▸ Assigned task: Your answer should consist solely of the lines from the one holding "блюдают, как с" through the final line of the entries, reproduced exactly and without pictures.
- - -
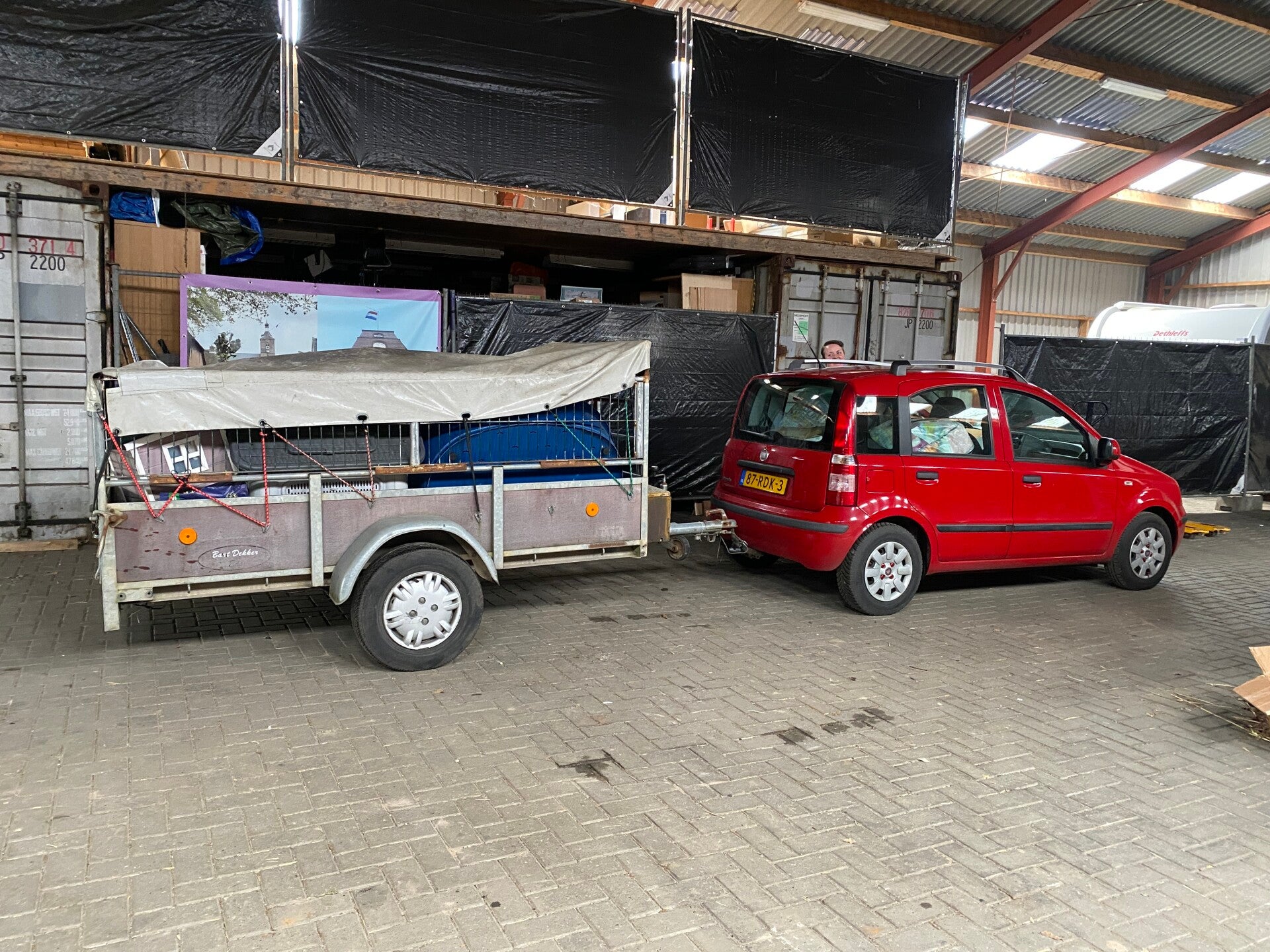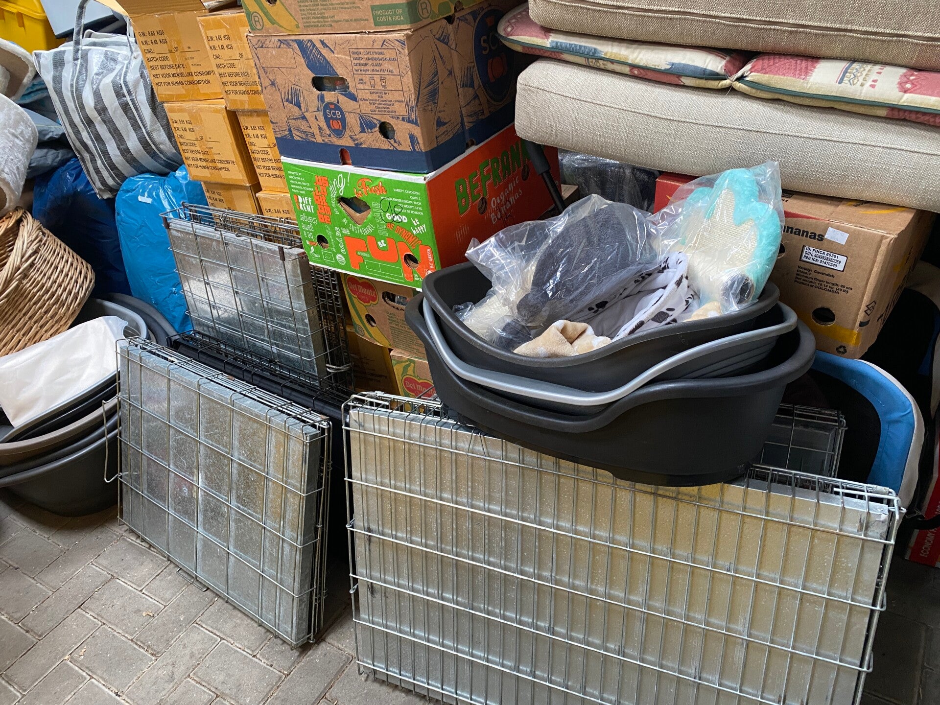 Gelijk erna kwam Lisa uit Westervoort met een auto en aanhanger vol… prachtige donaties die ze de afgelopen tijd had opgehaald. Textiel, kunststof manden, benchen, 2 prachtige hondenhokken, rieten manden, meerdere krabpalen en wat zakken voer.
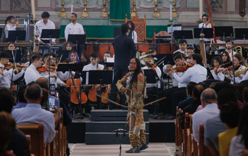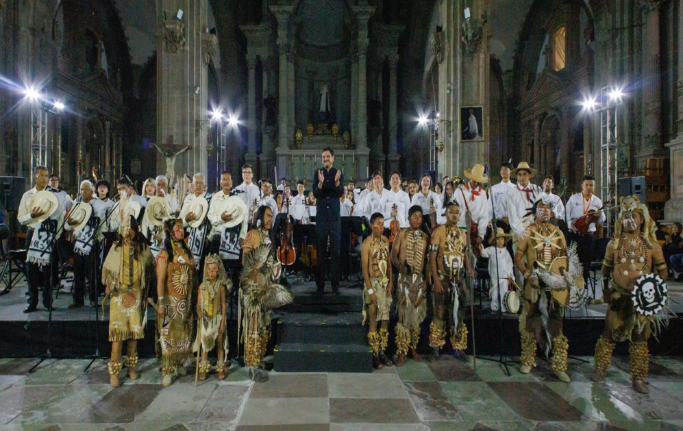 Así fue la esencia del espectáculo del Concierto de las Sonoridades Rituales, representado en el San Felipe Neri -de la Compañía de Jesús-, con la Orquesta Sinfónica Juvenil Vientos Musicales, junto a Los Tunditos de Dr. Mora, los Danzantes Éza’r de San Luis de la Paz y los Alabanceros de San Felipe.
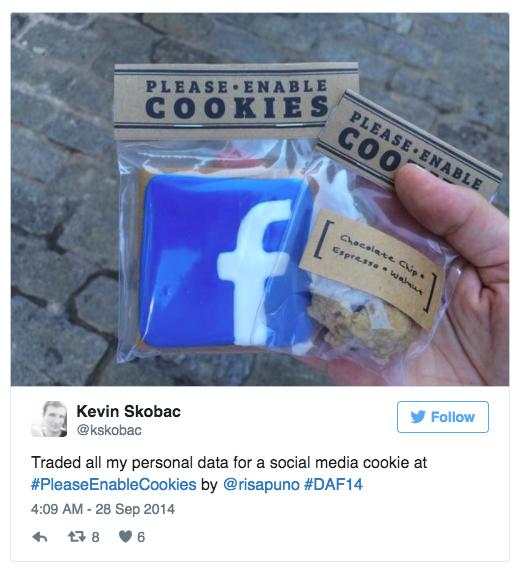 表演艺术家 Risa Puno 在一次布鲁克林艺术节上成功地使几乎一半参与者拿他们的个人数据(照片、手印、社保号等)交换一块可口的肉桂饼干。有些人甚至很自豪地发了推特。
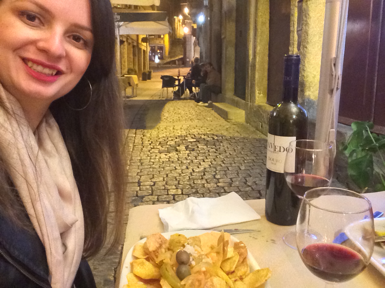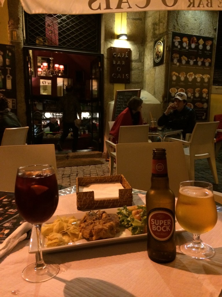 Na volta fomos caminhando pelas estreitas ruazinhas e paramos em um barzinho super gostoso (tinha até cobertor!) e ficamos o resto da noite tomando sangria, comendo uma legítima alheira portuguesa e ‘people watching’!
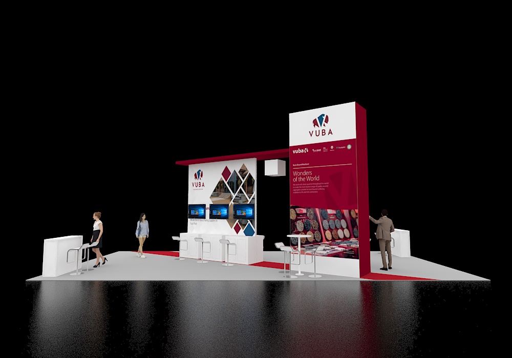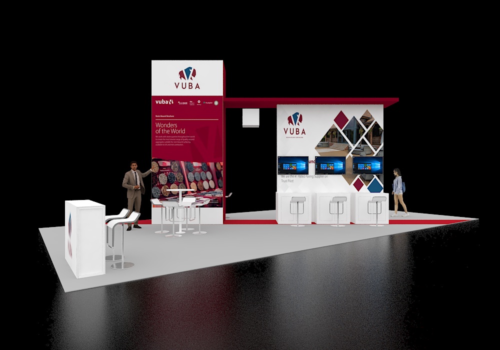 This 20x40 exhibit features a prominent central tower with a large monitor, flanked by two side display stations, each with a screen. An oversized rectangular overhead sign provides high visibility. The design utilizes striking red vertical accent strips and includes two intimate white seating arrangements for visitor discussions, complemented by a small reception counter. There are a total of three monitors in this display.
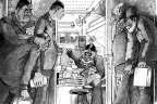 блюдают, как с буксира в воду прыгают зеваки, экипаж и просто
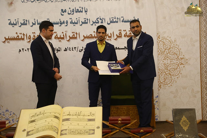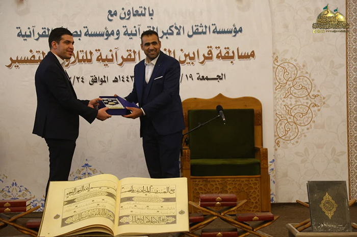 في ذُرى المجد والولاء وديار كرم الإمامة وفيضها الزاخر، ومن بقعة الطهر المُفعمة بالقداسة والإيمان رحاب الإمامين موسى بن جعفر الكاظم ومحمد بن علي الجواد "عليهما السلام" استضيفت فعاليات مسابقة قرابين النصر القرآنية للتلاوة والتفسير التي أقيمت برعاية الأمانة العامة للعتبة الكاظمية المقدسة/ مركز القرآن الكريم التابع لقسم الشؤون الفكرية والثقافية، بالتعاون مع مؤسسة الثقل الأكبر القرآنية، ومؤسسة بصائر القرآنية بحضور نخبة من ممثلي المؤسسات والروابط القرآنية والمهتمين بالشأن القرآني.
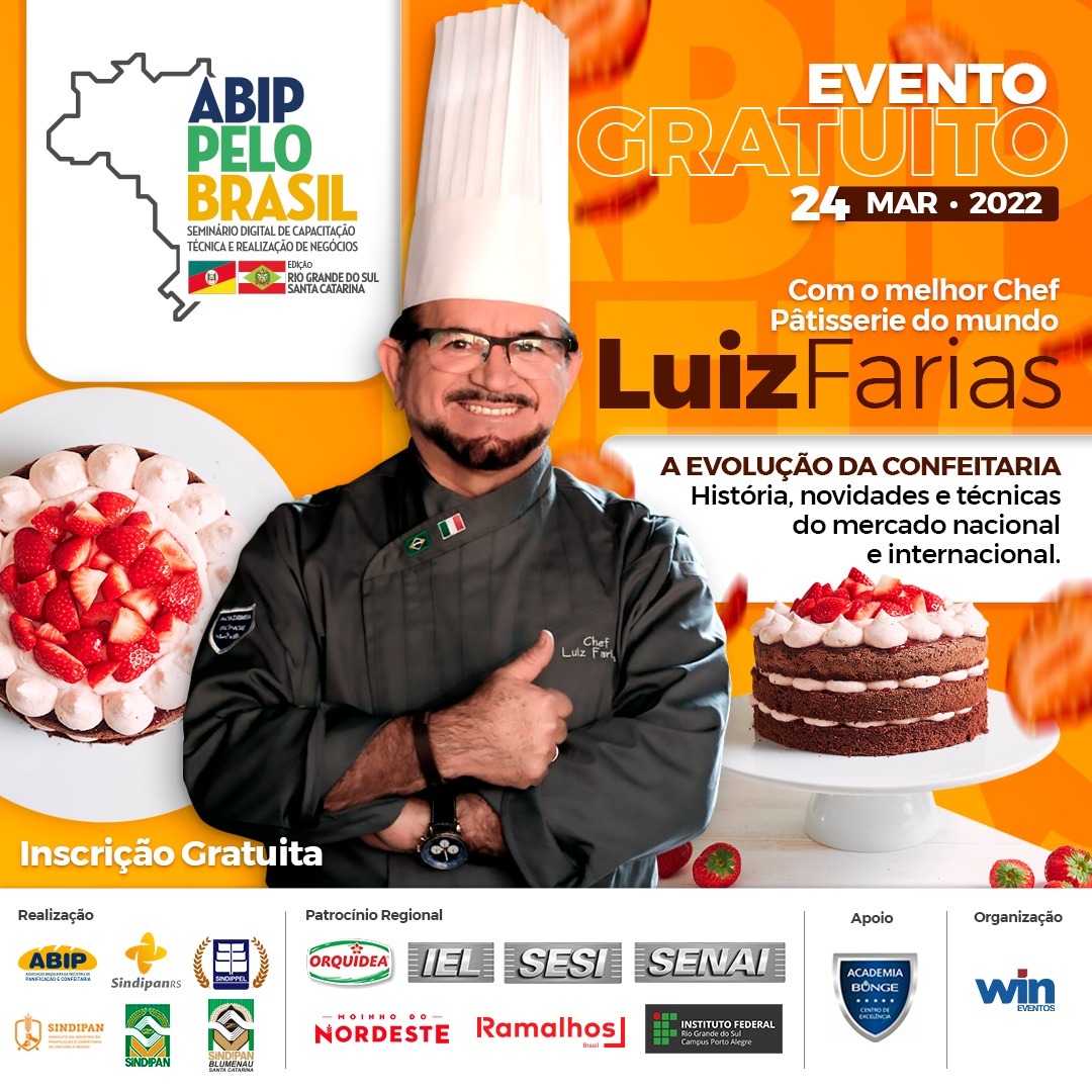 Acontece no dia 24 de março, das 14h às 20h, de modo virtual, a edição Rio Grande do Sul e Santa Catarina do SEMINÁRIO ABIP PELO BRASIL, criado pela Associação Brasileira da Indústria de Panificação e Confeitaria – ABIP. O IFRS - Campus Porto Alegre, por meio do curso Técnico em Panificação, é uma das instituições apoiadoras desse evento, que busca propor soluções em meio a essa pandemia que estamos vivendo, abrangendo e integrando duas áreas de extrema relevância neste período: capacitação técnica para as empresas e profissionais através de palestras, cursos e aulas shows; e a realização de negócios através da “feira digital” que acontece simultaneamente. A feira contará com um estande virtual do IFRS - Campus Porto Alegre. As inscrições são gratuitas e podem ser feitas no site do evento.
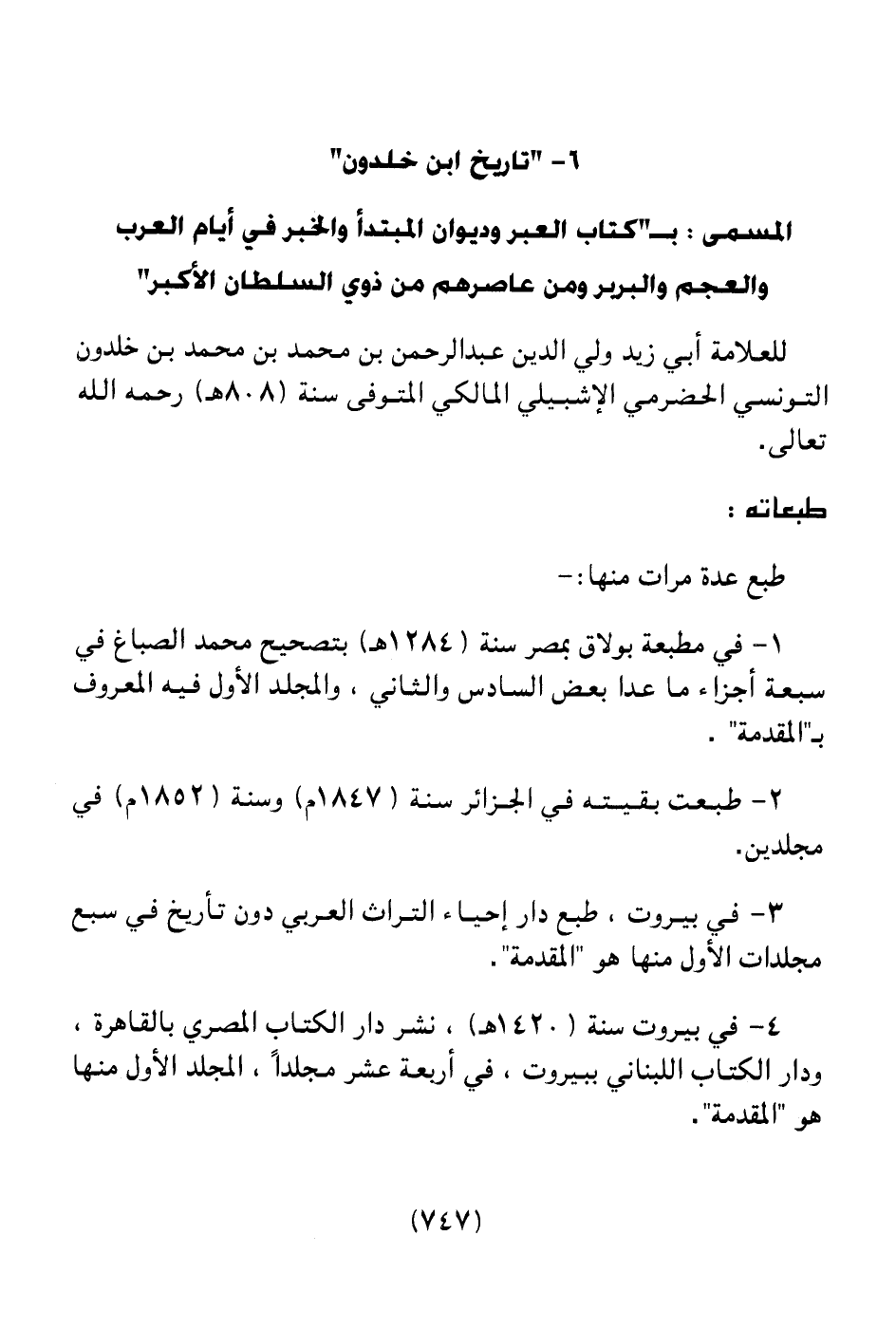 3 ـ في بيروت، طبع دار إحياء التراث العربي دون تاريخ في سبع مجلدات الأول منها هو " المقدمة ".
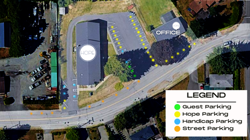 The main parking lot is on the east side of the church. There are handicap spaces near the upper-level front doors, as well as the lower doors. (Reference the map below.)
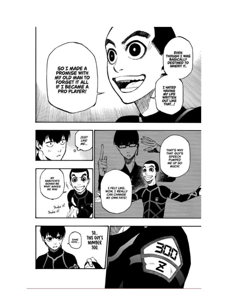 | Yoichi Isagi | Begins to confront his fear and self-doubt. |
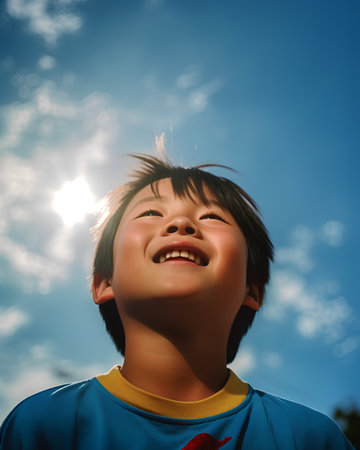 Portrait of asian boy with blue sky and sun background.
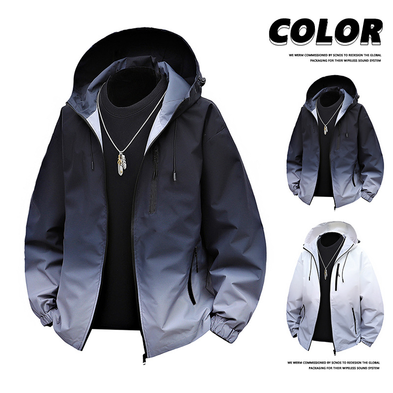 2025ジャケット男性ファッションファッションファッションカジュアルフード付きジャケットグラデーション色青少年春秋ジャケットコート
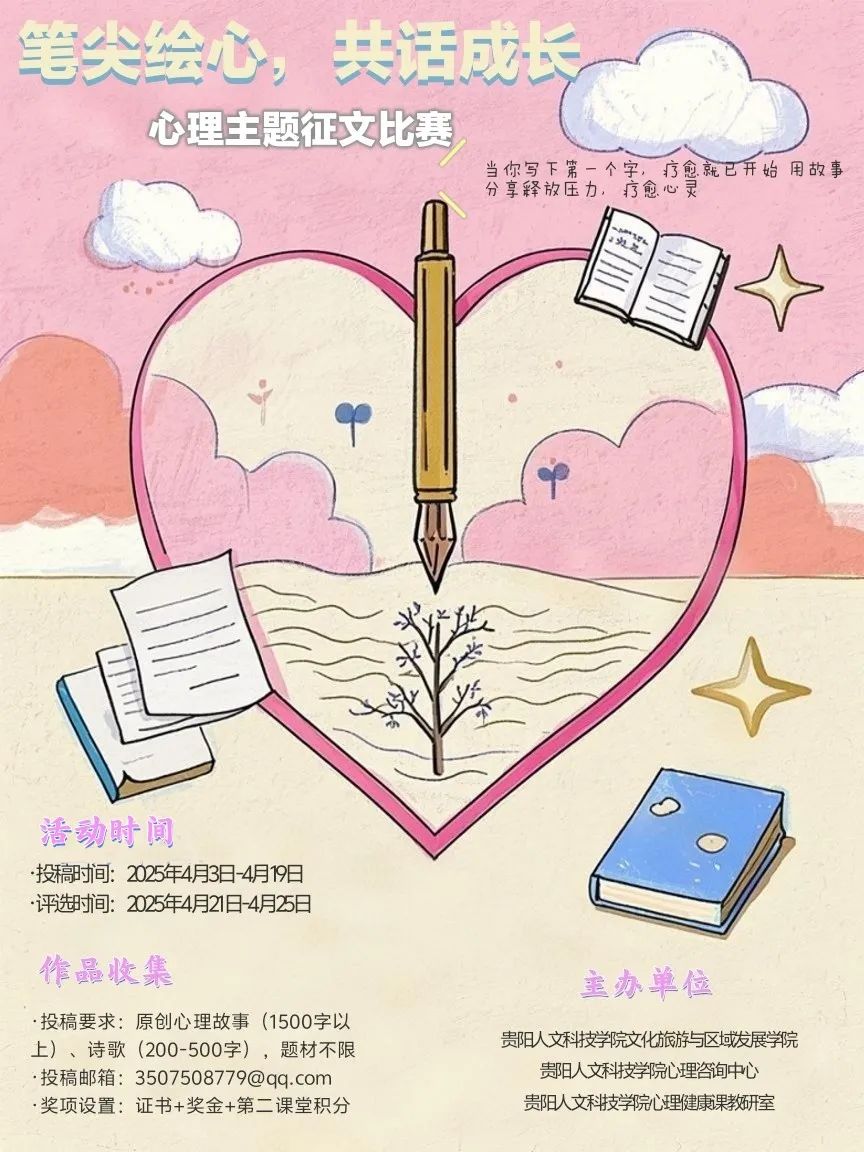 “笔尖绘心,共话成长”心理征文比赛火热开启,期待你用文字记录内心的声音,分享成长路上的心灵故事,赢取丰厚奖品!
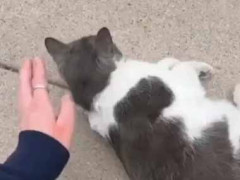 散歩の途中で出会った猫さん。 なでなで♪ 契約、成立です……
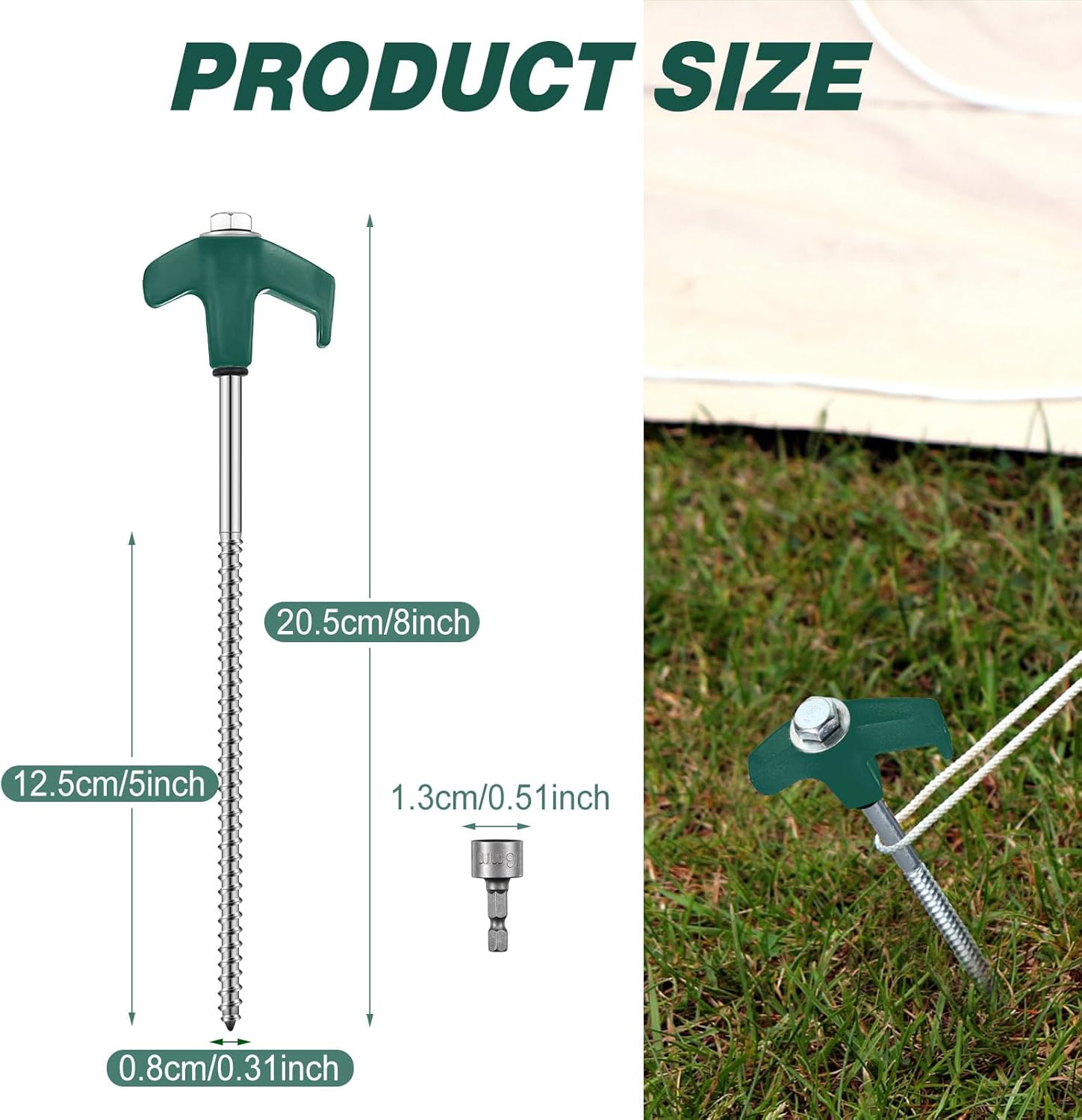 Hicarer 10 Pcs 20 Pcs 8'' Screw in Tent Stakes Heavy Duty Ground Metal Stakes for Inflatables with Hex Head Driver for Outdoor Camping Tent Inflatable Garden Decor (Dark Green)
- - -
▸ Problem solution:
 блюдают, как с буксира в воду прыгают зеваки, экипаж и просто
 في ذُرى المجد والولاء وديار كرم الإمامة وفيضها الزاخر، ومن بقعة الطهر المُفعمة بالقداسة والإيمان رحاب الإمامين موسى بن جعفر الكاظم ومحمد بن علي الجواد "عليهما السلام" استضيفت فعاليات مسابقة قرابين النصر القرآنية للتلاوة والتفسير التي أقيمت برعاية الأمانة العامة للعتبة الكاظمية المقدسة/ مركز القرآن الكريم التابع لقسم الشؤون الفكرية والثقافية، بالتعاون مع مؤسسة الثقل الأكبر القرآنية، ومؤسسة بصائر القرآنية بحضور نخبة من ممثلي المؤسسات والروابط القرآنية والمهتمين بالشأن القرآني.
 Acontece no dia 24 de março, das 14h às 20h, de modo virtual, a edição Rio Grande do Sul e Santa Catarina do SEMINÁRIO ABIP PELO BRASIL, criado pela Associação Brasileira da Indústria de Panificação e Confeitaria – ABIP. O IFRS - Campus Porto Alegre, por meio do curso Técnico em Panificação, é uma das instituições apoiadoras desse evento, que busca propor soluções em meio a essa pandemia que estamos vivendo, abrangendo e integrando duas áreas de extrema relevância neste período: capacitação técnica para as empresas e profissionais através de palestras, cursos e aulas shows; e a realização de negócios através da “feira digital” que acontece simultaneamente. A feira contará com um estande virtual do IFRS - Campus Porto Alegre. As inscrições são gratuitas e podem ser feitas no site do evento.
 3 ـ في بيروت، طبع دار إحياء التراث العربي دون تاريخ في سبع مجلدات الأول منها هو " المقدمة ".
 The main parking lot is on the east side of the church. There are handicap spaces near the upper-level front doors, as well as the lower doors. (Reference the map below.)
 | Yoichi Isagi | Begins to confront his fear and self-doubt. |
 Portrait of asian boy with blue sky and sun background.
 2025ジャケット男性ファッションファッションファッションカジュアルフード付きジャケットグラデーション色青少年春秋ジャケットコート
 “笔尖绘心,共话成长”心理征文比赛火热开启,期待你用文字记录内心的声音,分享成长路上的心灵故事,赢取丰厚奖品!
 散歩の途中で出会った猫さん。 なでなで♪ 契約、成立です……
 Hicarer 10 Pcs 20 Pcs 8'' Screw in Tent Stakes Heavy Duty Ground Metal Stakes for Inflatables with Hex Head Driver for Outdoor Camping Tent Inflatable Garden Decor (Dark Green)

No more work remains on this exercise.